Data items
>>>

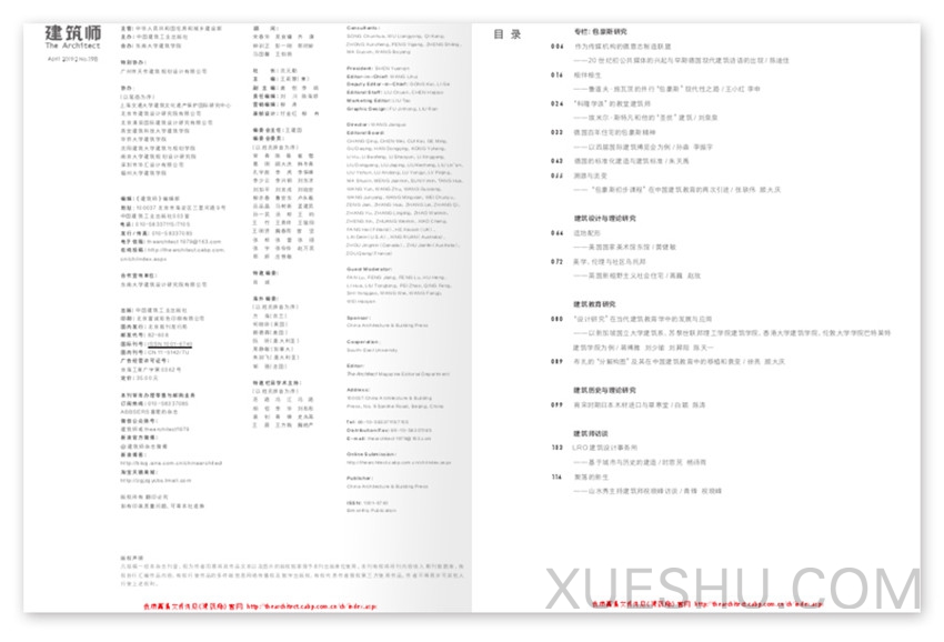 《建筑师》杂志为国内大型综合建筑理论刊物,将以全新的面貌出现在读者面前,其版式设计、装帧及印刷均将达到国内,但其所一向秉承的办刊宗旨并未改变。
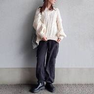 ガールフイナムという"ガール"が冠についたメディアだけど、メンズファッションには常にアンテナを張っていたい。展示会を回っている中で〈KHOKI(コッキ)〉はとても印象的でした。2019年にデザインチームとして始動した〈KHOKI 〉は、伝統技法を用いて、過去、現在、西洋と東洋、現実と空想が混在する独自の世界観を作り出しています。こちらはジャガード編みで表現された切り絵柄のニットマフラー。実際に切り絵を作り組み合わせて制作しているそう。(こちらのカラーは早々に売り切れてしまったそうで……色違いは販売中です)コレクションもとても好みだったのですが、より興味が湧いたのは〈KHOKI〉のウェブサイト「EYE」を見たから。コンセプトや写真の使い方も面白くて、見ているだけで楽しいし、チームのメンバーの私物も買えてしまうなんて(sold outばかりだけど!)。独自のスタイルを貫く姿勢に、惹きつけられてしまうんです。
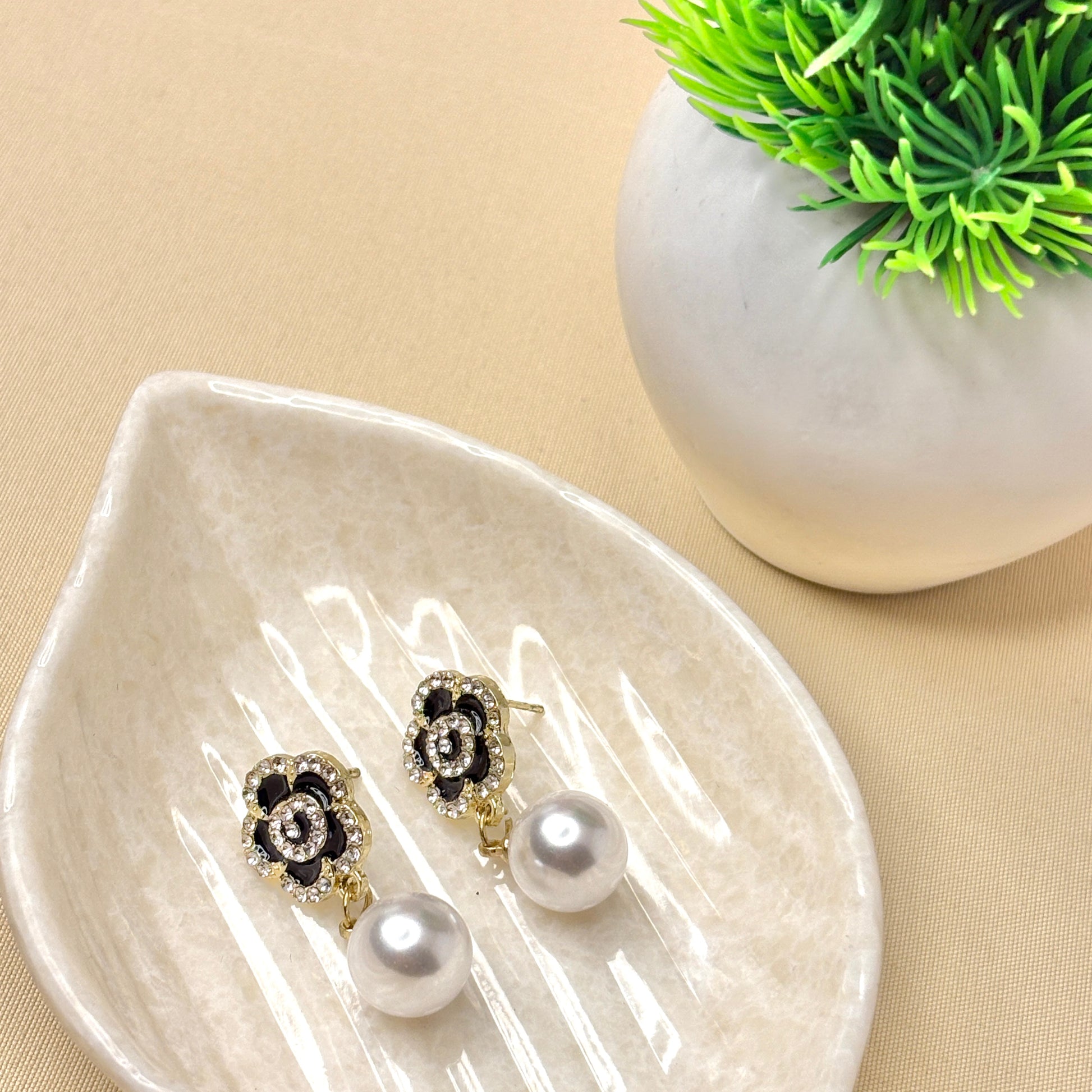 These earrings feature a black enamel rose with shimmering crystals, paired with a lustrous pearl drop. A perfect mix of romance and sophistication for evening elegance.
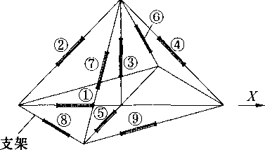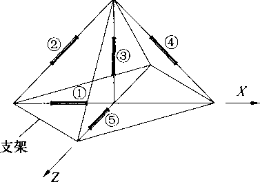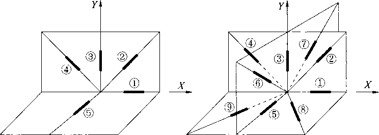 为了方便今后整理监测资料和计算应变、应力,在应变计组 安装埋设时就应该确定应变计组的坐标和组内每支仪器的编号。 从监测资料整理计算方便的原则出发并结合多数工程的习惯,两 种应变计组合的坐标和编号规定如图8-2、图8-3所示。
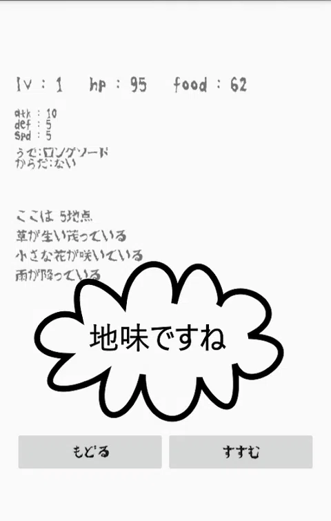 ■ 怎么玩 总是有两个选择 这是一个在选择其中一个的同时进步的角色扮演游戏 前进,返回 吃不吃 休息,不休息 战斗,逃跑 在食物(时间限制)用完之前 与更多敌人战斗并获得经验 借助强大的设备,您将一路发现 让我们向前推进 此外,具有自动保存和自动加载功能 您可以在短时间内轻松玩 ■ 提示 ·很朴实 ・没有故事,小结局 ・自动保存,自动加载 ·我不忙 ・目前生长因子有限,很容易感到厌烦 ・体积较小 ・将来可能会改进这些事情 ・仓库中的物品可以通过长按和点击来丢弃。 ■ 作者的感受 我认为这会更有趣一些 我会继续努力发展。 目前。 ■ 备注 这项工作仍在开发中 更新时可能会初始化播放数据,恕不另行通知。 请注意。 ■ 致谢 我正在使用 Ankoku Koubou 的免费恐怖字体“Hakidame”
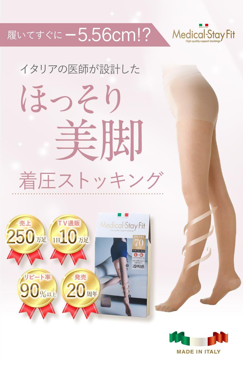 着圧 弾性 ストッキング ほっそり美脚 メディカル ステイフィット 70デニール イタリア製 Medical-Stay Fit 透明感 素肌感 パンスト レディース 美脚 履くだけ
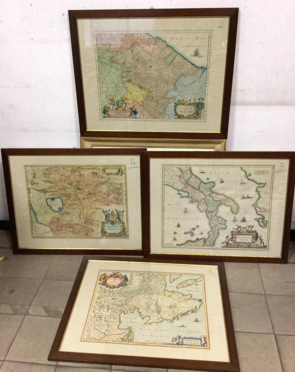 Gruppo di quattro riproduzioni a colori raffiguranti antiche mappe (cm 48x60) (lievi difetti)
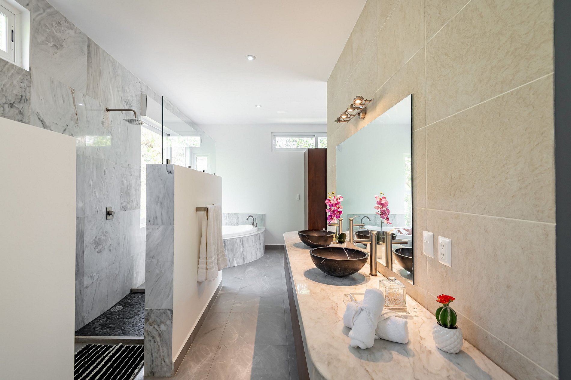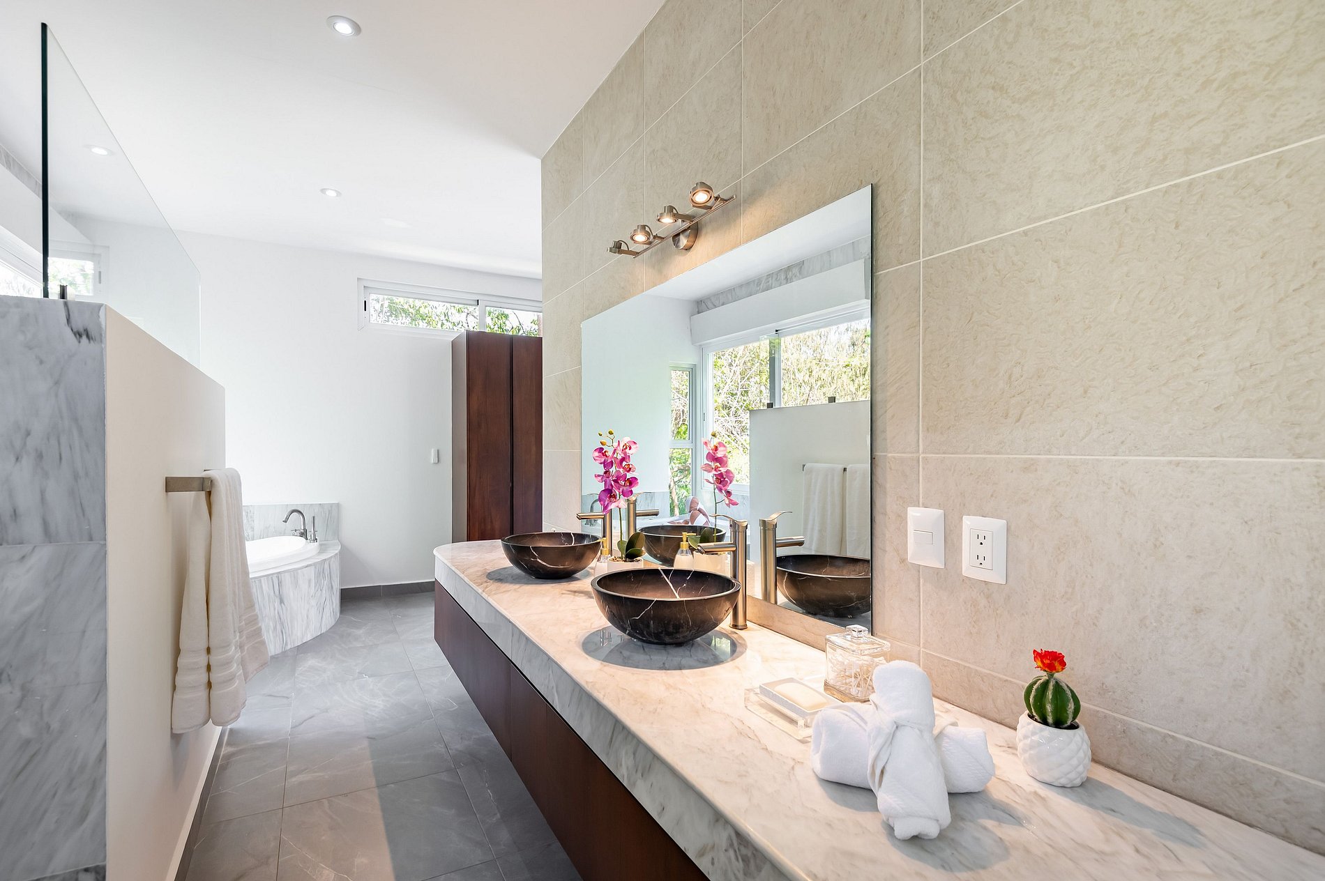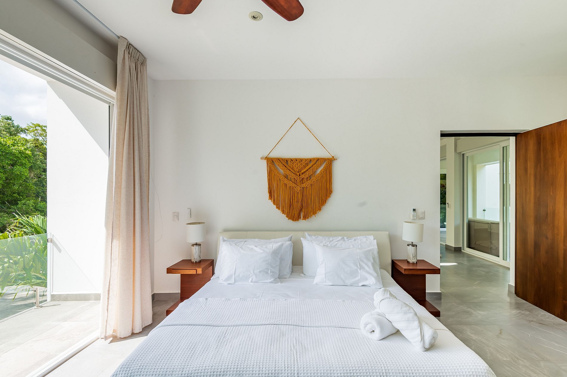 ৹ Con tres suites principales, cada una con su baño privado, disfrutarás de comodidad y privacidad. ৹ Tonos suaves, ventanales panorámicos y espacios cuidadosamente diseñados te invitan a relajarte y sumergirte en la selva que te rodea.
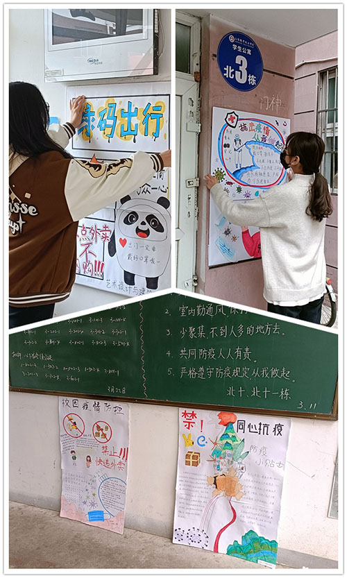 “同心抗疫,绿码出行”,近日,同学们来往宿舍区,能看到一幅幅手绘海报提醒大家防疫小细节,连“冰墩墩”也来宣传抗疫小常识啦!
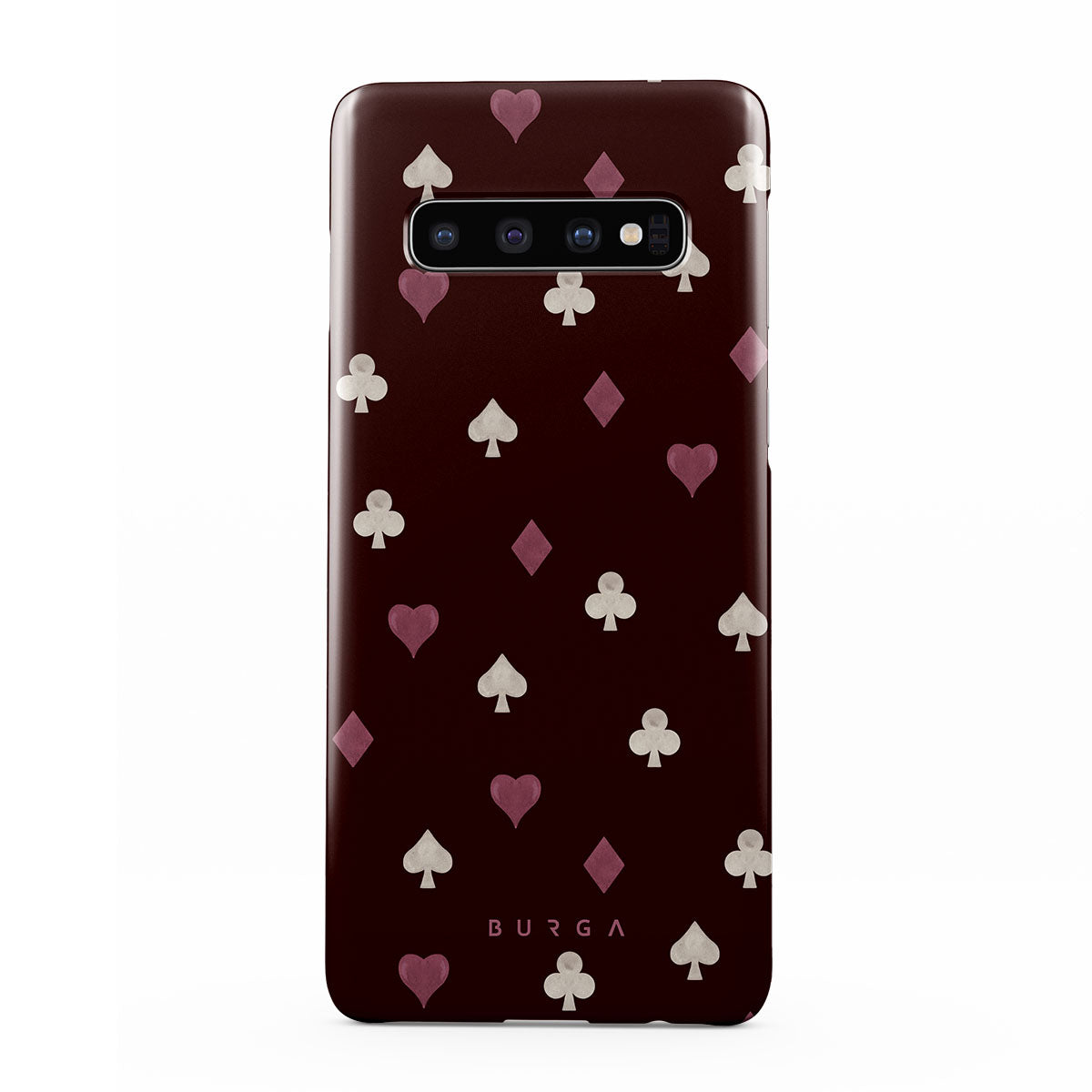Este design contém: naipes de cartas, corações, espadas, ouros, paus, fundo bordô

<<<

■ What the exercise asks ■
Nothing but the lines from the one containing "着圧 弾性 ストッキング" through the end of the entries should be written out, exactly and without pictures.

■ Written reply ■
 着圧 弾性 ストッキング ほっそり美脚 メディカル ステイフィット 70デニール イタリア製 Medical-Stay Fit 透明感 素肌感 パンスト レディース 美脚 履くだけ
 Gruppo di quattro riproduzioni a colori raffiguranti antiche mappe (cm 48x60) (lievi difetti)
 ৹ Con tres suites principales, cada una con su baño privado, disfrutarás de comodidad y privacidad. ৹ Tonos suaves, ventanales panorámicos y espacios cuidadosamente diseñados te invitan a relajarte y sumergirte en la selva que te rodea.
 “同心抗疫,绿码出行”,近日,同学们来往宿舍区,能看到一幅幅手绘海报提醒大家防疫小细节,连“冰墩墩”也来宣传抗疫小常识啦!
Este design contém: naipes de cartas, corações, espadas, ouros, paus, fundo bordô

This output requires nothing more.